Where is strength to be gathered? If pride and intolerance be nourished in some hearts, is faith in ours? Esther may read us a lesson upon victory in an evil day. She stood in such a day, and stood more than a conqueror. Before it came, she had kept herself, and refused to defile her garments. She had been in the school of God and learned the way of strength and victory there, in communion with Himself when circumstances were all against her.
And let me add, that this communion is to be simple and affectionate; not such as will feed itself with high thoughts and strange thoughts, but such as will find Christ in the sureness and perfection of His work for sinners the great thought, the precious thought, the animating, invigorating, though simple truth that tells upon the heart with divine and wondrous virtue.
There is danger (as another has warned us) of this ceasing to give character to an age like the present, where there is a vast and varied quantity of qualifications and arguments, rather than fervor and simplicity of spirit, where, as the natural result of intellectual and religious progress, "the glory of Christ, as Savior of man, which should be always as the sun in the heavens, shines only with an astral luster."

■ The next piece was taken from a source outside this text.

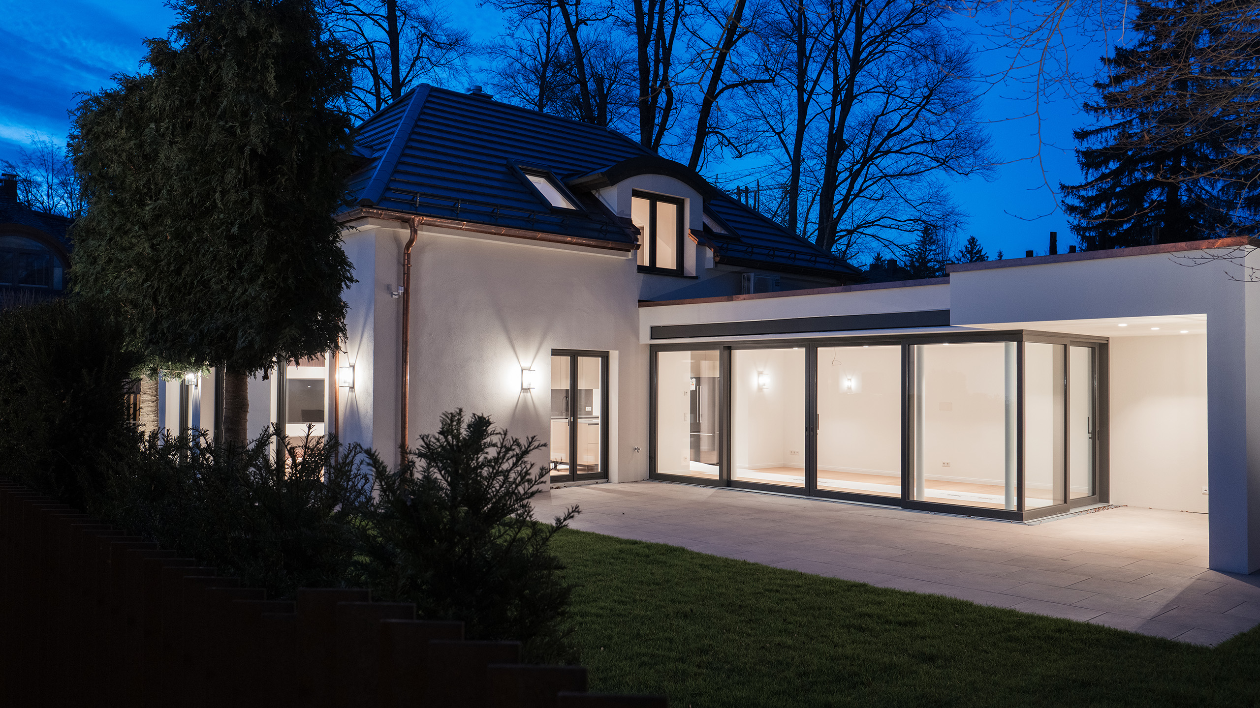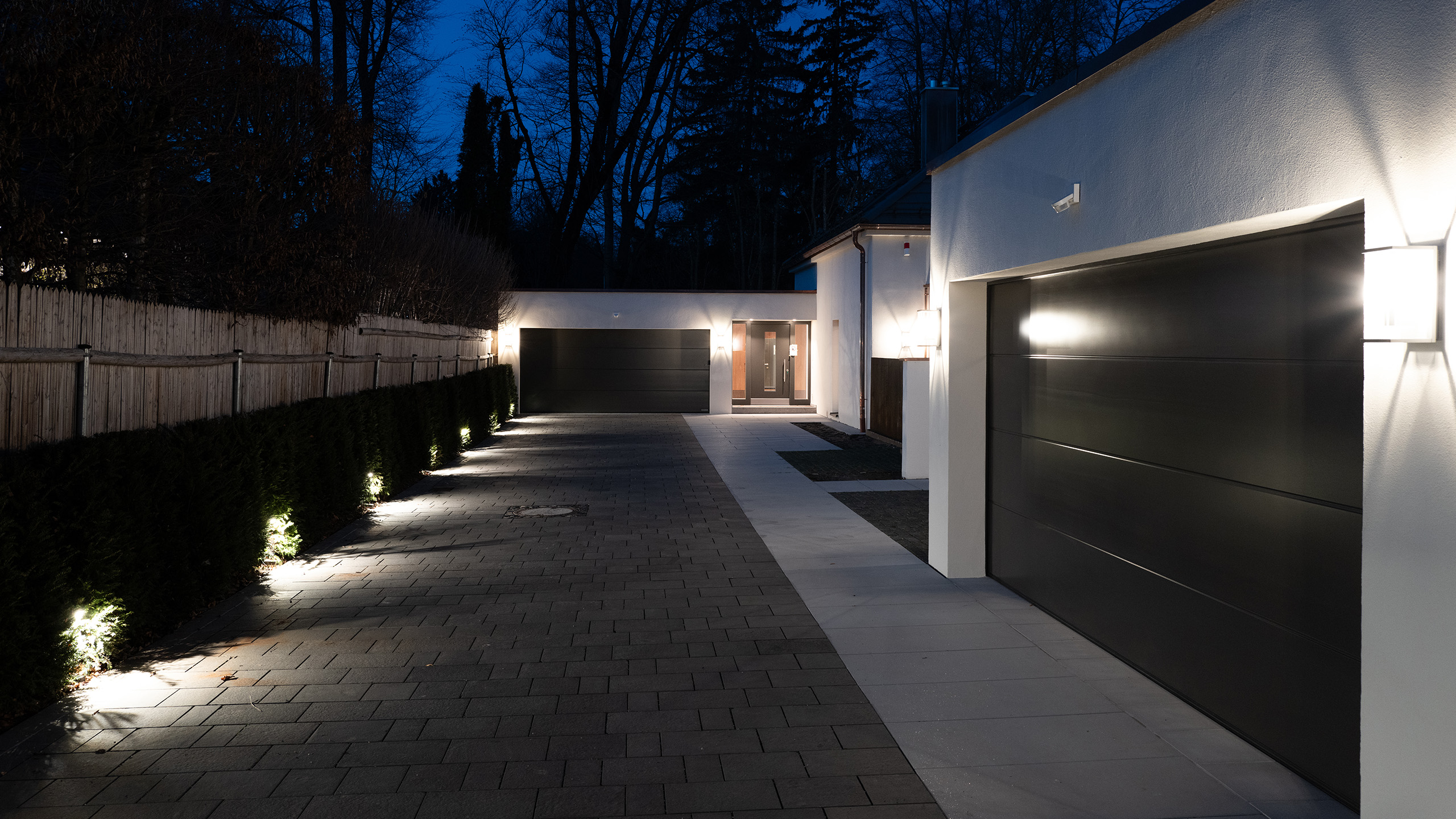 - Garten: Fassadenbündiger Markiseneinbau und stimmungsvolle Außenbeleuchtung

But times of difficulty demand simple, nutritious, strengthening truth: "A different order of things around us would presently bring into play the more powerful elements of the moral life. Events may be imagined which would mar our levity, and break up the polished surface that reflects our case, and lead us home to the first principles of the gospel, and quite sicken our taste for everything but those principles; and it is under such an impression that the gospel (the simple, plain truth of God's grace and salvation) will assume its just dimensions in our sight, and the glad tidings of mercy be listened to with a new and genuine joy."
True, and also seasonable in this day of many a busy speculation, are these meditations. And most seasonable are the words of the blessed Lord Himself to His disciples, in the day that He began to talk to them o f their coming troubles. "What is a man profited," He said to them, "if he shall gain the whole world, and lose his own soul? or what shall a man give in exchange for his soul?" Matt. 16:26.
Here is truth for t h e strengthening of the heart against the day of evil, for these words speak the excellency and the value of the glories which are to follow the day of evil. Our Lord uses the language of the merchant; He speaks of profit and loss and exchange. He contemplates a bargain; and for the comfort of the believer He decides what a bad bargain that man would make, who would take the whole world (supposing that he could get it) in exchange for a share in the glory that is to be revealed. He is not (though this is the general apprehension) in this passage so much settling the question of personal safety, as of profit and loss.
And we all know the power of bright and sure expectations, though they may be still distant. Man will toil through dangers, weariness, and mortification, to reach such. And the Lord here witnesses to us the sureness and the brightness of our expectations, affirming His word, shortly after, by unveiling for a moment, on the holy hill, the very region of these promised glories (Matt. 17). If we believe His competence to handle these weights and measures, and to try comparative values, and then if we believe that He is able to bring suited results out of each trial, our hearts will be further fortified for every trying hour.
Peter, as it were, unconsciously vindicated the Lord’s verdict on the value of the glory when he said, “Lord, it is good for us to be here.”